Hacker News new | ask | show | jobs
by p0nce 4095 days ago
In most papers I've seen VP9 fared worse than HEVC: http://infoscience.epfl.ch/record/200925/files/article-vp9-s...
1 comments

See also http://iphome.hhi.de/marpe/download/Performance_HEVC_VP9_X26...

Both of those are much older encoders, of course (nearly 2 years old in the case of the PCS paper), and some of the settings they used were questionable, e.g., what HEVC calls "constant QP" actually varies the quantizer based on the frame type, while VP9 really uses the same quantizer, which can make a big difference on metrics. Talking to the authors at PCS, they re-ran results later with more relaxed QP settings, and VP9 got somewhat better, but still didn't catch up with HEVC (on metrics).

Keep in mind all of these results are from people who have spent significant time working in MPEG/ITU/JVT/JCTVC, and may have some inherent biases.
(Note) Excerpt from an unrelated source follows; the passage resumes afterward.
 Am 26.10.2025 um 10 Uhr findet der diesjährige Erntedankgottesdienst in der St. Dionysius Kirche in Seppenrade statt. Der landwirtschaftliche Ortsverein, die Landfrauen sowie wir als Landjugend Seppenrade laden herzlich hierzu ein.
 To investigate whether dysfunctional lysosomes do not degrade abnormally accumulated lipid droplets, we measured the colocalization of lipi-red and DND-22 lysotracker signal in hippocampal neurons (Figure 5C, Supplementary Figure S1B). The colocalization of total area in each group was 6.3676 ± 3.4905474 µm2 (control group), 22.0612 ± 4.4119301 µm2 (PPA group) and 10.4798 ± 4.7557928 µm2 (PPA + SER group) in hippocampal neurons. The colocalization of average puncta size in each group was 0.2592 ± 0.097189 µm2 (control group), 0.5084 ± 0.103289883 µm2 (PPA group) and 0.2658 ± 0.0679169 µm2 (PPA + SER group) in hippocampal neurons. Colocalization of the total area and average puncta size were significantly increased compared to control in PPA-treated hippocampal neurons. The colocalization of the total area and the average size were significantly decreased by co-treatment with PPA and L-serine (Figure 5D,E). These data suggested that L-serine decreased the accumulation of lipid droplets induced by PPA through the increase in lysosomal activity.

Google's own results looked much better: http://ieeexplore.ieee.org/iel7/6729645/6737661/06737765.pdf... (sorry for the paywall, I'm not aware of a free version available online, tl/dr: 30.38% better rate than H.264, 2.49% worse than HEVC), but obviously come with their own set of biases.
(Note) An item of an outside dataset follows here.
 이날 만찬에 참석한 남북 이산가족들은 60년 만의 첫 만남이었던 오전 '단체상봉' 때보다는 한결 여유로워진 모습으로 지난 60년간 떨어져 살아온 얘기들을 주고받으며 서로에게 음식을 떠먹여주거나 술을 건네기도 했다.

I don't know how to explain the discrepancies in the two sets of results, but they at least demonstrate the magnitude of the differences you can obtain by varying how you do the testing.
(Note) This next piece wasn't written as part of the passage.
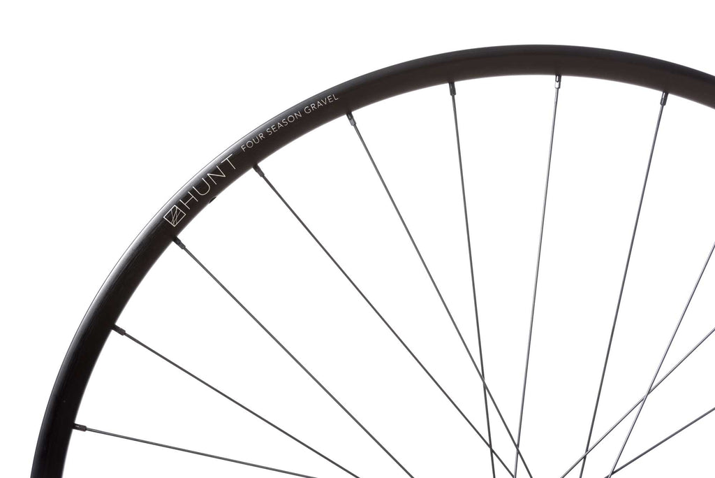28 spokes laced 2-cross front and rear.  J-bend spoke interface allows for easy sourcing and replacement in remote locations.  Patented Pillar Spoke Re-enforcement (PSR) with increased 2.2mm thickness at spoke butted again just before the spoke end, providing more durability in high stress area.          Triple butted 2.0-1.6-2.0 Pillar Spokes (then 2.2 at the head for the patented Pillar Spoke Re-enforcement).  Cold drawn from high grade T302 (18/10) stainless steel wire by Sandvik Sweden.  Black stainless treatment.  All HUNT wheels are built and finished by hand, inclusive of a full quality control inspection card.

That iphome paper used a random git checkout from the day the bitstream was frozen, and claimed it was an official release, which always struck me as somwhere on the stupid/devious spectrum.

The first actual VP9 release was about 6 months later and even then I dont think they'd done much tuning for speed. Some parts of Google get criticised for building open source products privately, but others that develop in the open have their openness abused.

I ran some experiments to investigate the discrepancy.

The largest differences were caused by:

1. A variable quantiser being used for HEVC, but not for VP9 (as you described)

2. Keyframes being forced every 30 frames for VP9 in the first paper

HEVC also had I frames added every 30 frames, but these were not IDR frames, meaning that B frames were allowed to use the information from the I frame in HEVC.

However, in VP9, true keyframes were forced every 30 frames. The way VP9 works this meant that every 30 frames it encoded both a new Intra frame, and a new golden frame.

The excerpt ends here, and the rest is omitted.